---- Dataset section

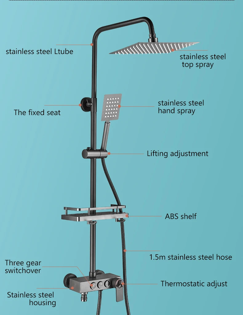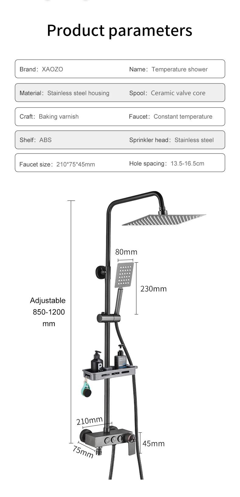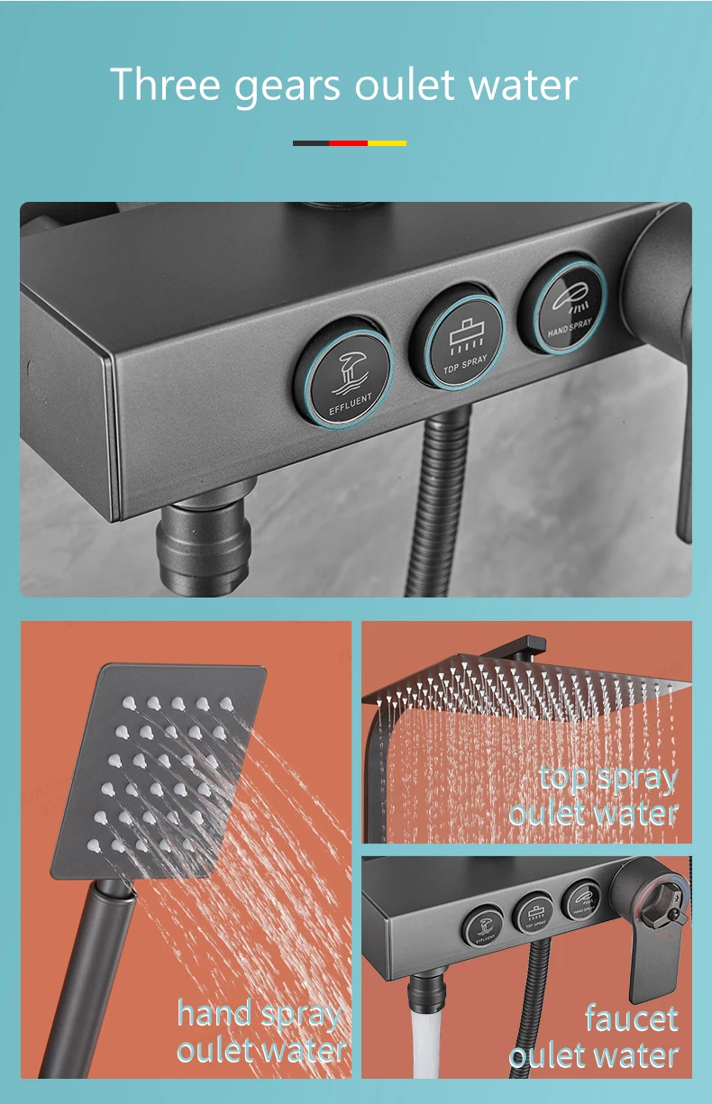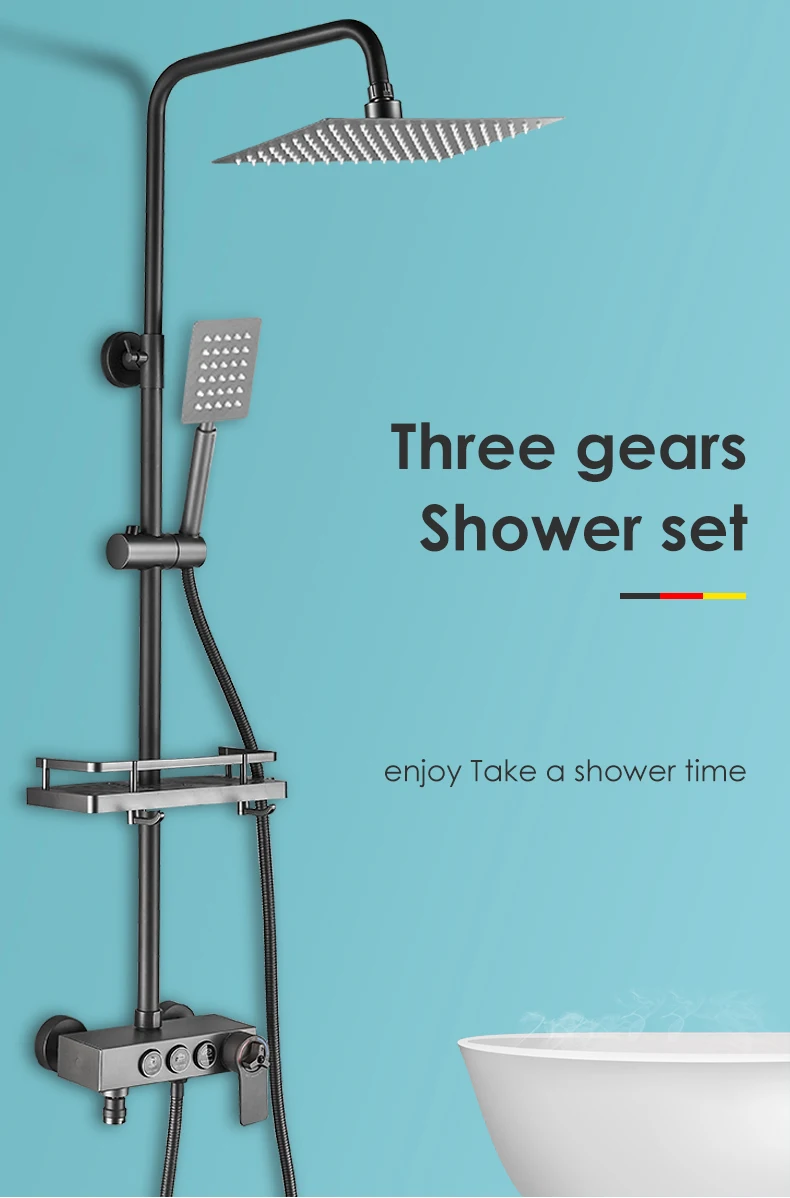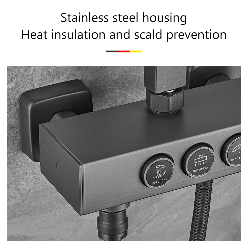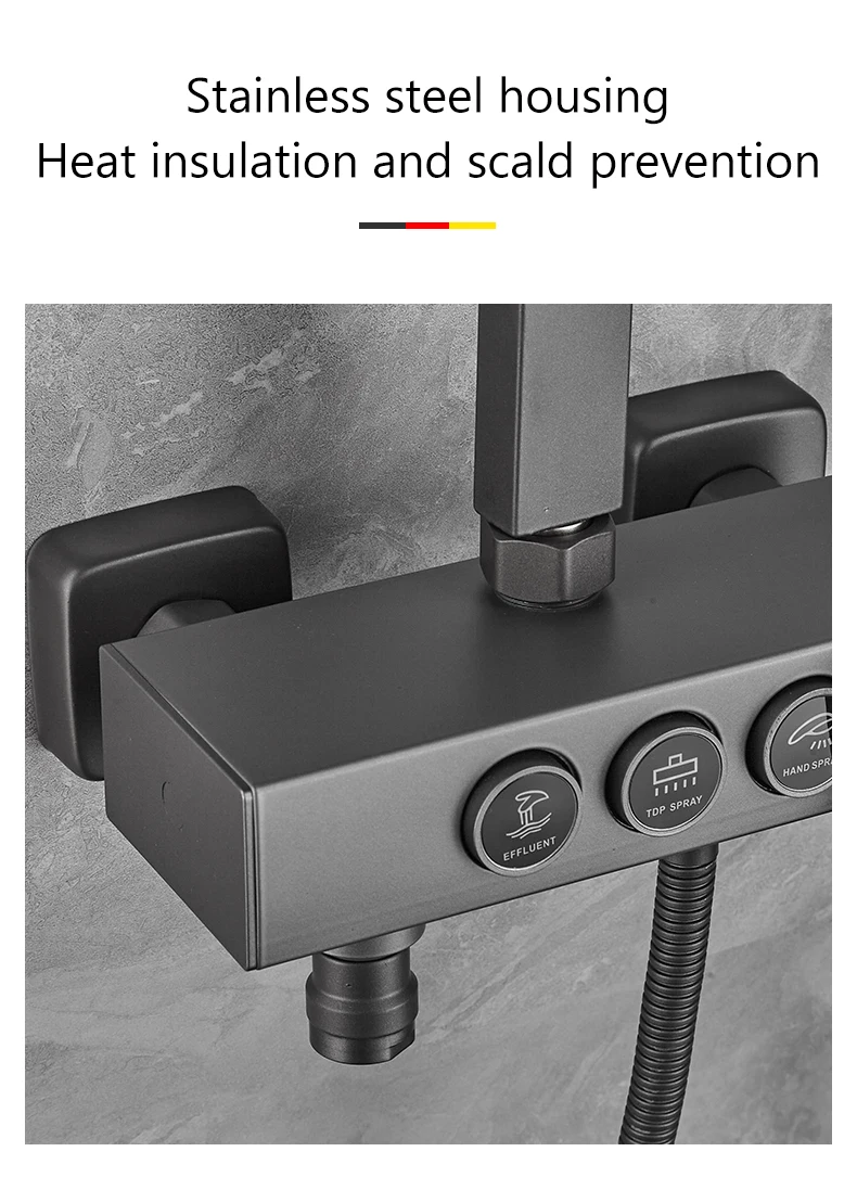 ชุดฝักบัวอาบน้ำสแตนเลสครัวเรือนห้องน้ำอุณหภูมิคงที่ปืนสีเทาแรงดันหัวฝักบัวห้องน้ำ
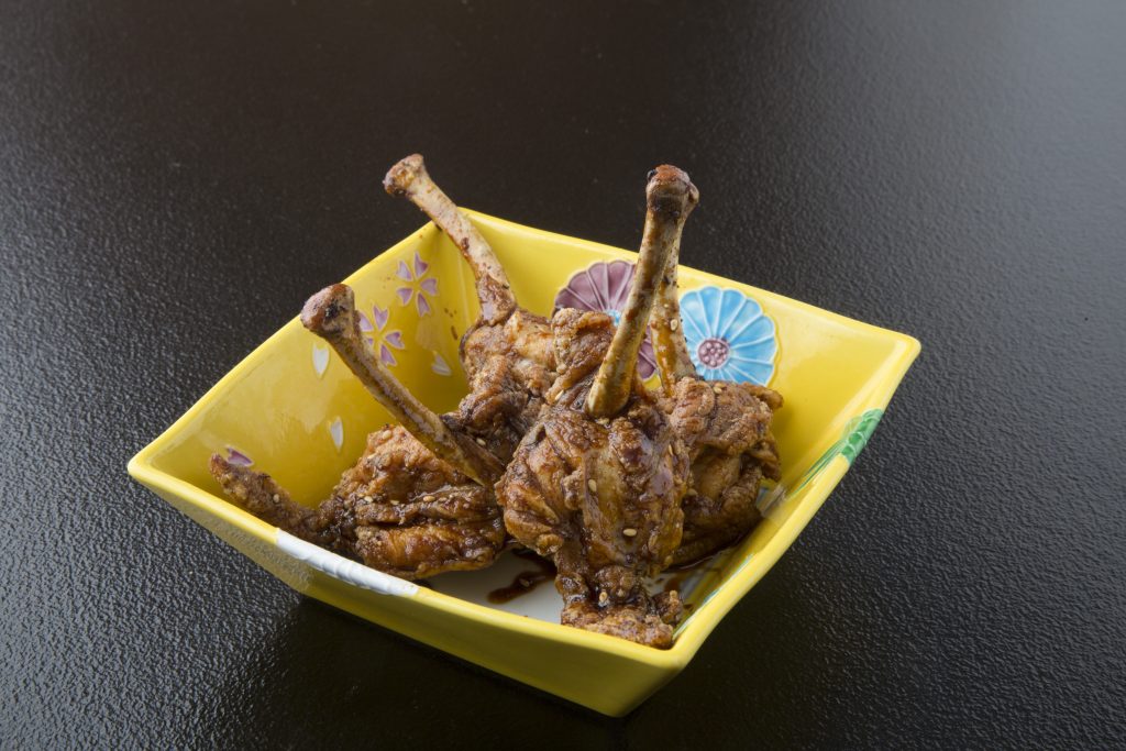 無添加の特製醤油ベースの甘辛タレ「勝ったれ」をかけて揚げたてを提供する、シンプルでありながらすべての工程と素材にこだわりを感じるマツコ・デラックスさん絶賛の手羽先からあげ。
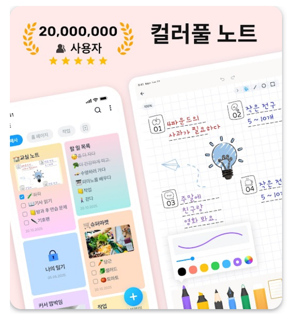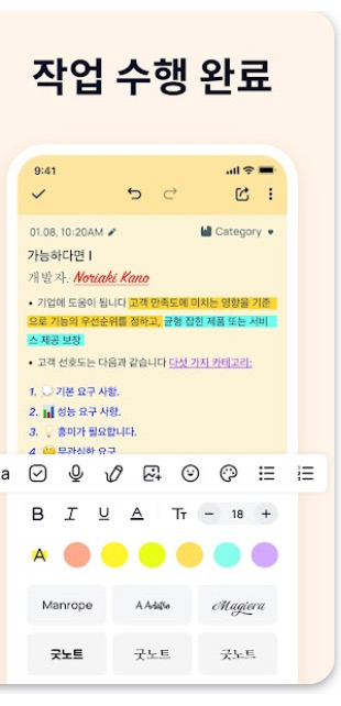 • 사용자가 원하는 색상으로 노트를 꾸밀 수 있어 시각적으로도 정리가 잘 됩니다.

--------

→ Work instructions
Leaving out only the pictures, return the material above unchanged.

→ Exercise result
 ชุดฝักบัวอาบน้ำสแตนเลสครัวเรือนห้องน้ำอุณหภูมิคงที่ปืนสีเทาแรงดันหัวฝักบัวห้องน้ำ
 無添加の特製醤油ベースの甘辛タレ「勝ったれ」をかけて揚げたてを提供する、シンプルでありながらすべての工程と素材にこだわりを感じるマツコ・デラックスさん絶賛の手羽先からあげ。
 • 사용자가 원하는 색상으로 노트를 꾸밀 수 있어 시각적으로도 정리가 잘 됩니다.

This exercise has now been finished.